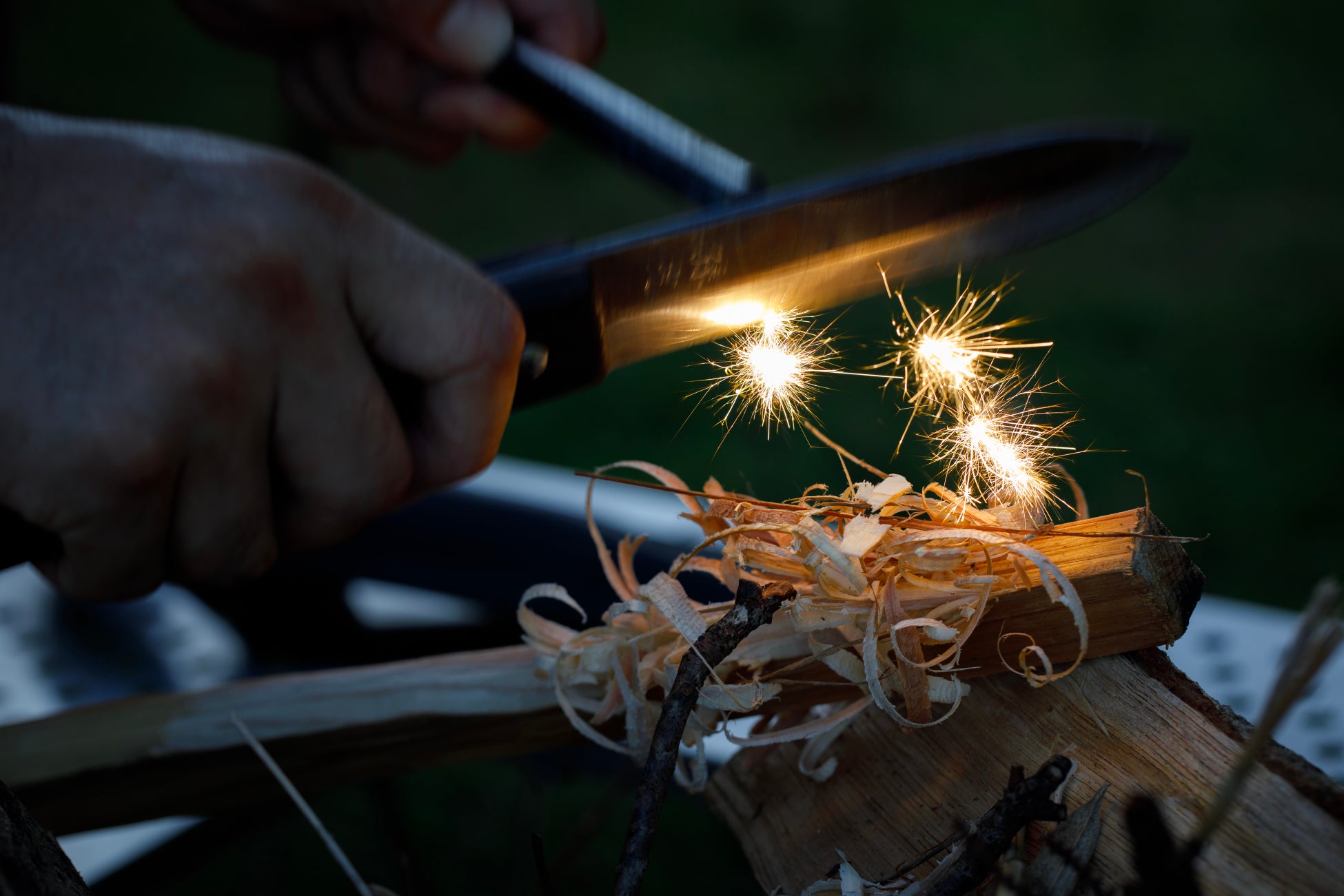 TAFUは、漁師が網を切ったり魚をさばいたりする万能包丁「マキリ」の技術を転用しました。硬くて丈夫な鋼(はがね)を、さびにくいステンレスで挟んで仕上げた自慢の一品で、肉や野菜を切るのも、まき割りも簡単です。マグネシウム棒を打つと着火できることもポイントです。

--

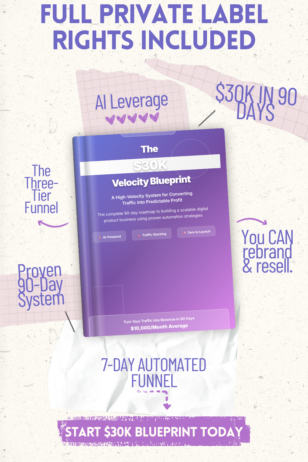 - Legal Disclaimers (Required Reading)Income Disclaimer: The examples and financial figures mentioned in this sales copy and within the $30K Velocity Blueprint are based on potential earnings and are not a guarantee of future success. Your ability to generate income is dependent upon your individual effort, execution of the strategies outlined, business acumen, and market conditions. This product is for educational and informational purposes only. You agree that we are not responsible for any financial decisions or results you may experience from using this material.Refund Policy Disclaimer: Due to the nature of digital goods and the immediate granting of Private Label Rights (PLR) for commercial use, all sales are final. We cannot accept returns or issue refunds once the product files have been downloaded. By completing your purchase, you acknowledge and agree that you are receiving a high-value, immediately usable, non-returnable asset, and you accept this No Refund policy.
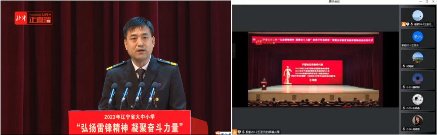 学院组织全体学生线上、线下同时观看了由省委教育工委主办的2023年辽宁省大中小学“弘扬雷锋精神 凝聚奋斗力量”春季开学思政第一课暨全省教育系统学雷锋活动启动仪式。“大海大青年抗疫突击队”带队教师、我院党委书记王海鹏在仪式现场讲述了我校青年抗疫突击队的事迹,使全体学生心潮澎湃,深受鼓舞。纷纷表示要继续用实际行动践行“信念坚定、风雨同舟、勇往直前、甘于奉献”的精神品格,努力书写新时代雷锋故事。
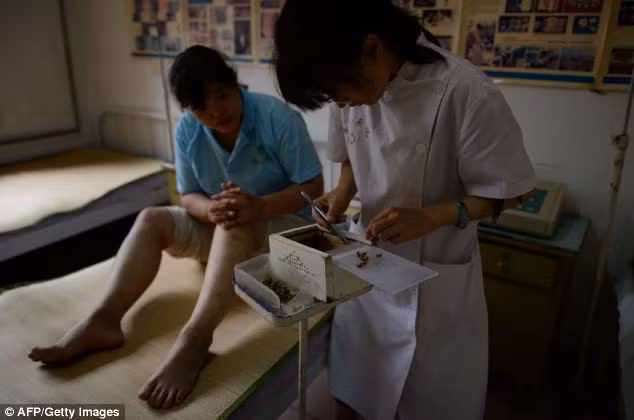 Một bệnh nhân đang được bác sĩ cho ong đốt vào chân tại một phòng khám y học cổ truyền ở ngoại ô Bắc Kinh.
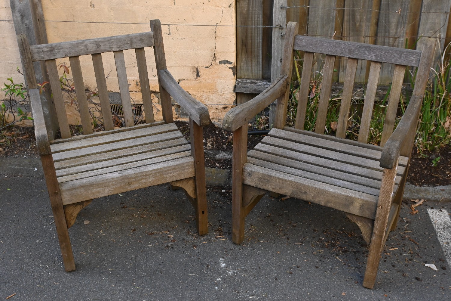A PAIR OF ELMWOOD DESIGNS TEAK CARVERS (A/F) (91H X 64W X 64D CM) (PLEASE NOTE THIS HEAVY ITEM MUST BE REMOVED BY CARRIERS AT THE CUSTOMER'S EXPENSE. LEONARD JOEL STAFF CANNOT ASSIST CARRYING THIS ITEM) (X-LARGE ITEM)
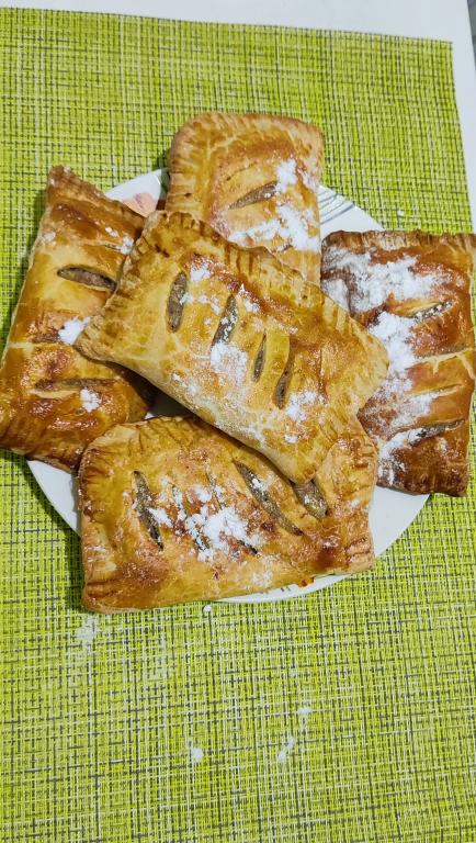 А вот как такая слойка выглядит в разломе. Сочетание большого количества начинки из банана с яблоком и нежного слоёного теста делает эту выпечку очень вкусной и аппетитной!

---

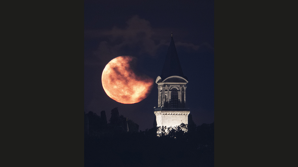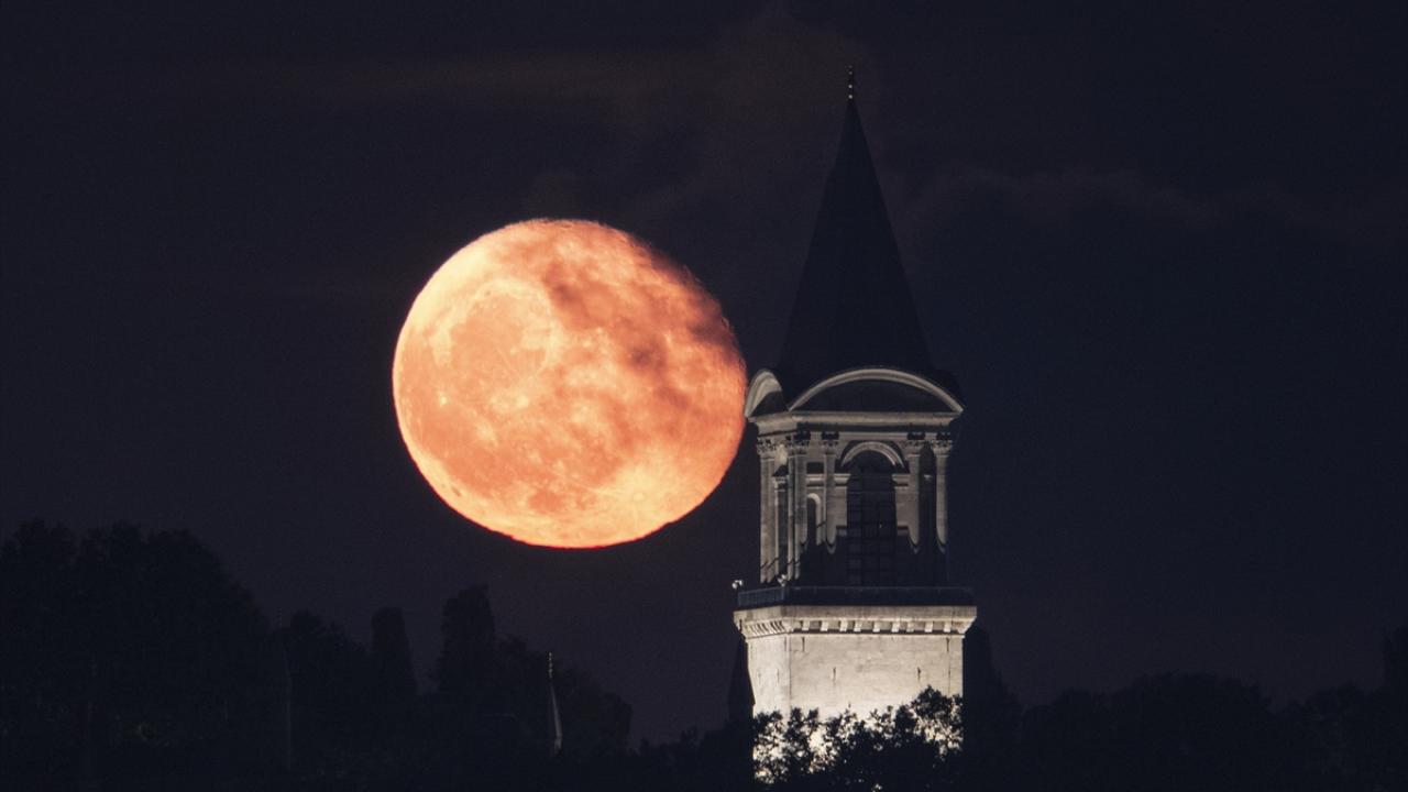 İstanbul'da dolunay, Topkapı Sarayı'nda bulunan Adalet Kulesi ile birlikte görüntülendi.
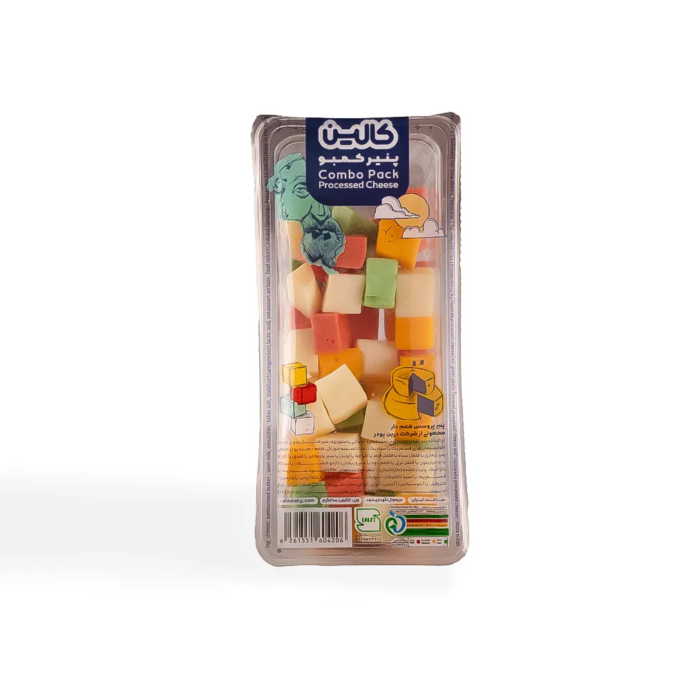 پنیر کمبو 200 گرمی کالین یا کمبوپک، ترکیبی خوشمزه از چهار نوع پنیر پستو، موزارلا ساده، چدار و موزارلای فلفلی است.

→ **Task details**:
What you need to produce is an exact copy of the entries above, limited to the lines from the one with "Một bệnh nhân" up to and including the one with "A PAIR OF ELMWOOD", without pictures.

→ **Task response**:
 Một bệnh nhân đang được bác sĩ cho ong đốt vào chân tại một phòng khám y học cổ truyền ở ngoại ô Bắc Kinh.
A PAIR OF ELMWOOD DESIGNS TEAK CARVERS (A/F) (91H X 64W X 64D CM) (PLEASE NOTE THIS HEAVY ITEM MUST BE REMOVED BY CARRIERS AT THE CUSTOMER'S EXPENSE. LEONARD JOEL STAFF CANNOT ASSIST CARRYING THIS ITEM) (X-LARGE ITEM)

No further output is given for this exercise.